In 2019, Wolff hired Miguel Guerreiro, a hygiene manager, to travel with the team and to make sure that the Mercedes motor-home bathrooms were spotless at all times. Wolff insisted on a cleaning rota that reflected the various rhythms of the race weekend, and showed Guerreiro how he liked the toilet brush to be shaken dry (twice) before being replaced in its holder. “I want the brush to be exchanged every day or every other day,” he told me. When I expressed disbelief about this, Wolff called Guerreiro over.

“Miguel, can I steal thirty seconds of your time?” Wolff asked. “What did we discuss yesterday?”

Guerreiro replied, “Exactly how the toilets were functioning and how we could improve because—”

“We discussed about the soap—that you can’t really reach it well. You don’t know where the sensor is.”

“Yes,” Guerreiro said. “And the paper, you can’t really see it. . . .”
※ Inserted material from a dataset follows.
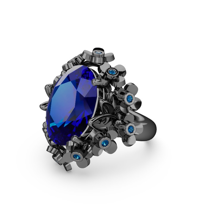 Lab safir 925 ayar siyah rodyum kaplama gümüş yüzük
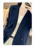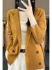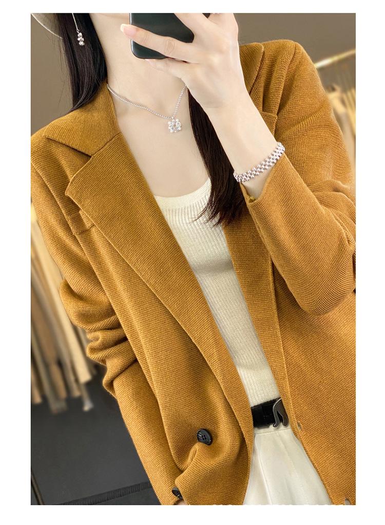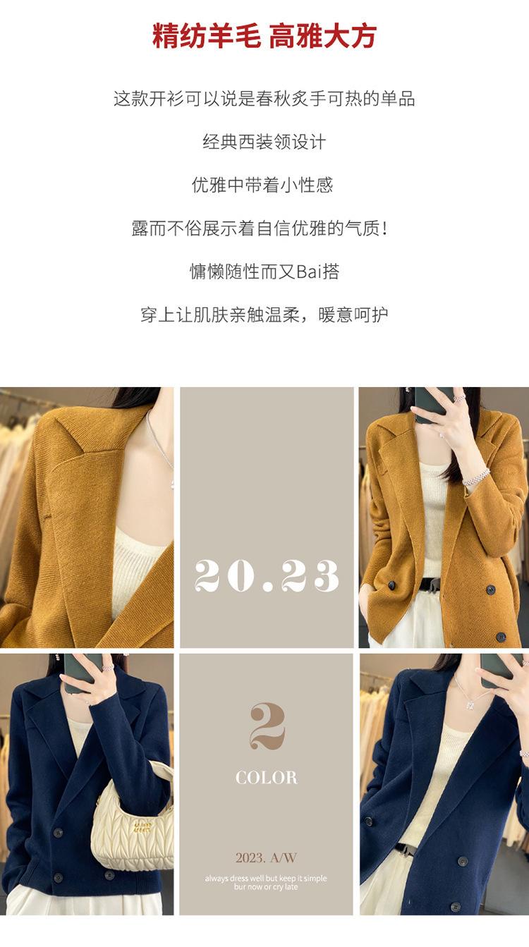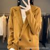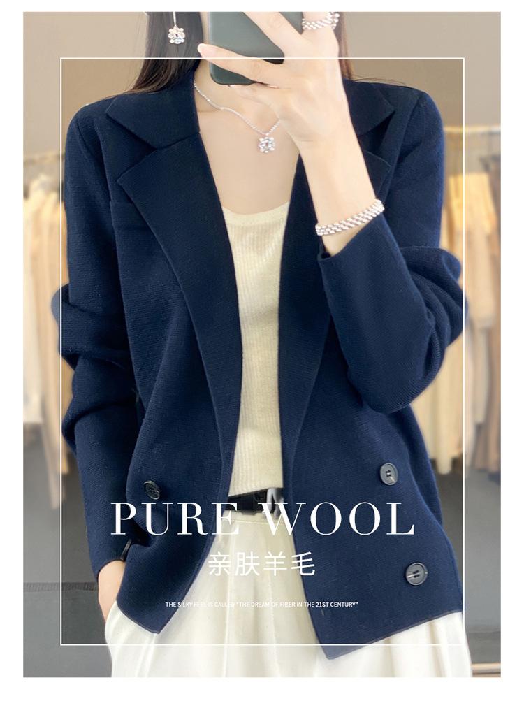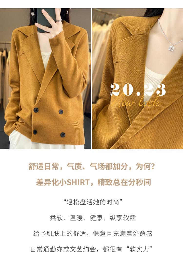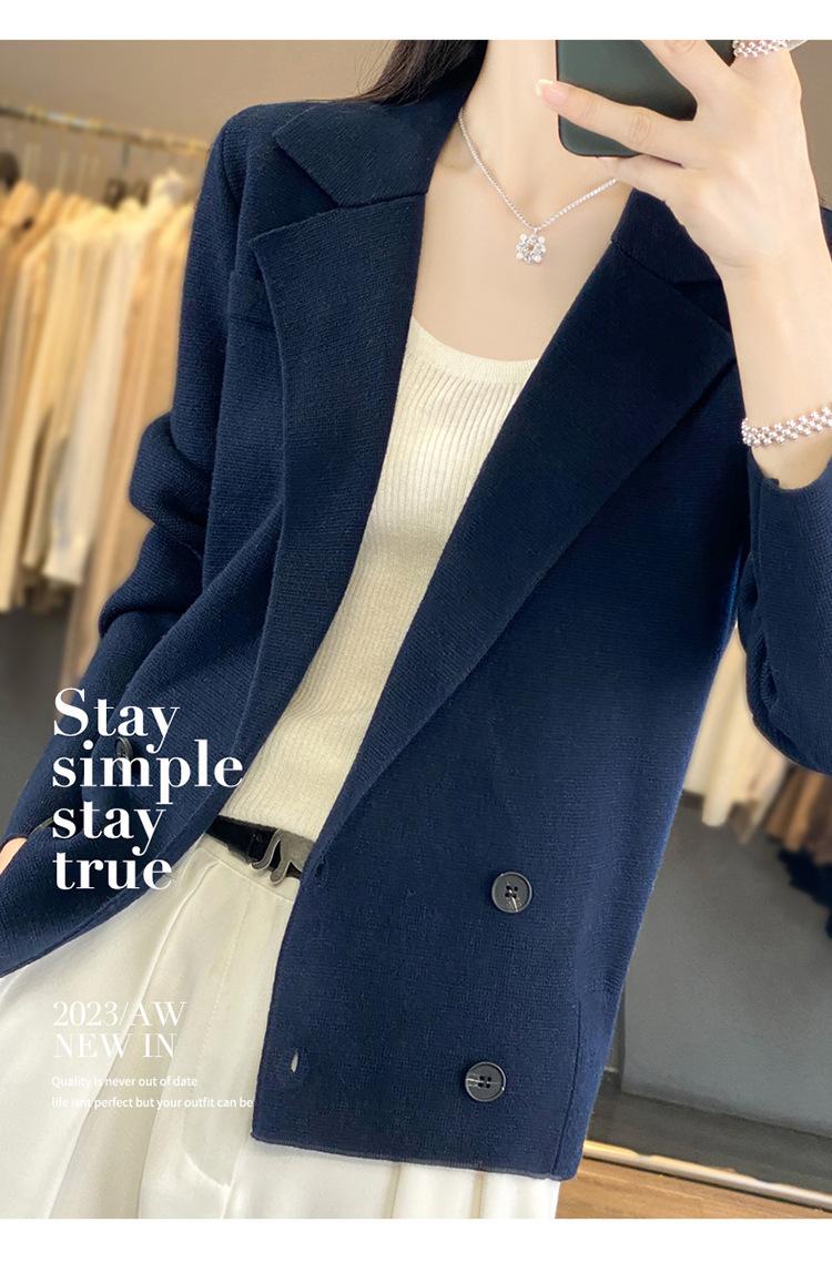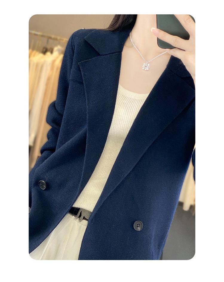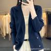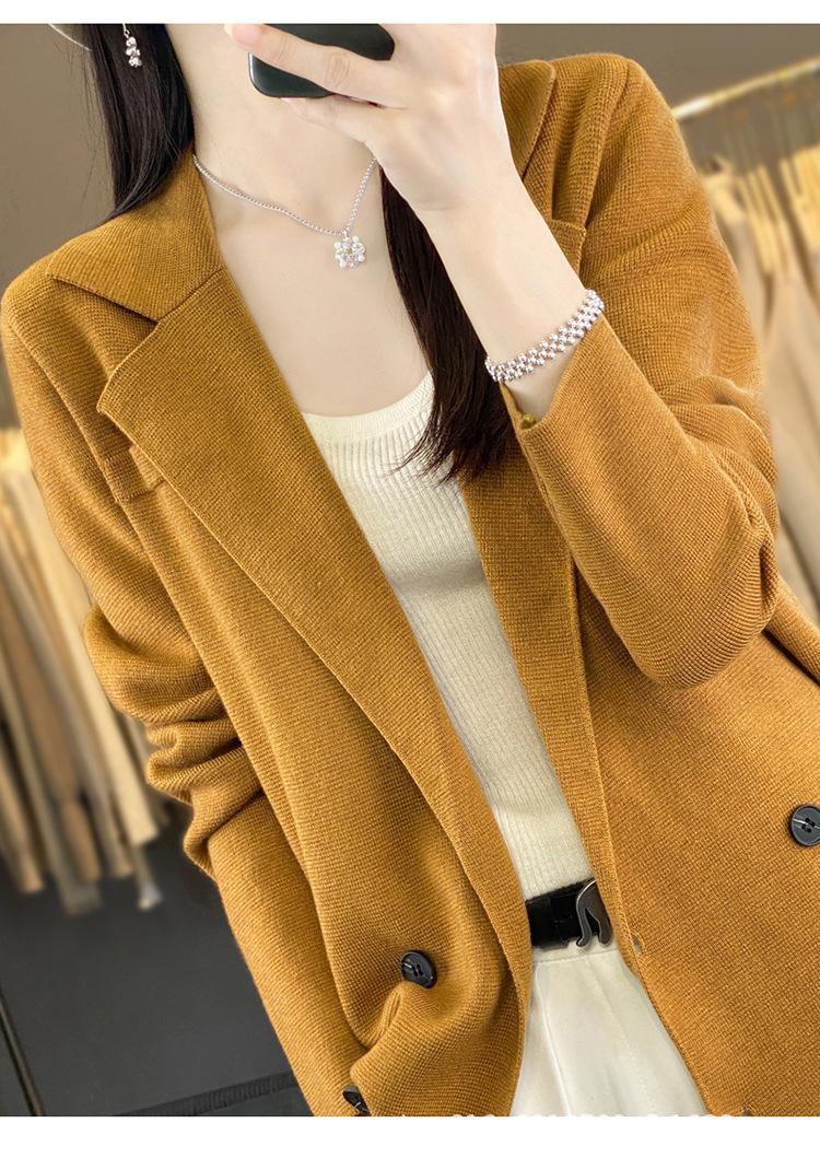 Suéter de Otoño e Invierno para Exterior con Cuello Vuelto, Elegante Cuello de Traje, Suéter Casual de Punto Fino de Lana de Doble Botonadura para Mujer

There were traces of water droplets on the mirror. The door handles needed a wipe. “We have done pretty well, Miguel and I. Everybody laughed about us at the beginning,” Wolff said. But, according to Wolff, the team suffered from less diarrhea and fewer viral infections than their rivals. “We’re talking about feces and all this shitting,” Wolff said. “The point is that I want to set the standards in what I do.”

That's the sort of attention to detail that'd make Roger Penske look like a slob.

Wolff is also aggressively risk averse, wanting to be sure he's on top of every situation. The New Yorker relates that when he travels, he tries to stay in the same room and get the same driver. He eats the same meal for lunch and dinner, alone. And he's on the road more than 200 days per year.

This is the kind of holistic mindset that gets you championship after championship, what stands as a record eight constructor's titles. Until it doesn't. Red Bull took it this year, unseating Mercedes. Even if the M-B team doesn't have the title, at least it doesn't have diarrhea.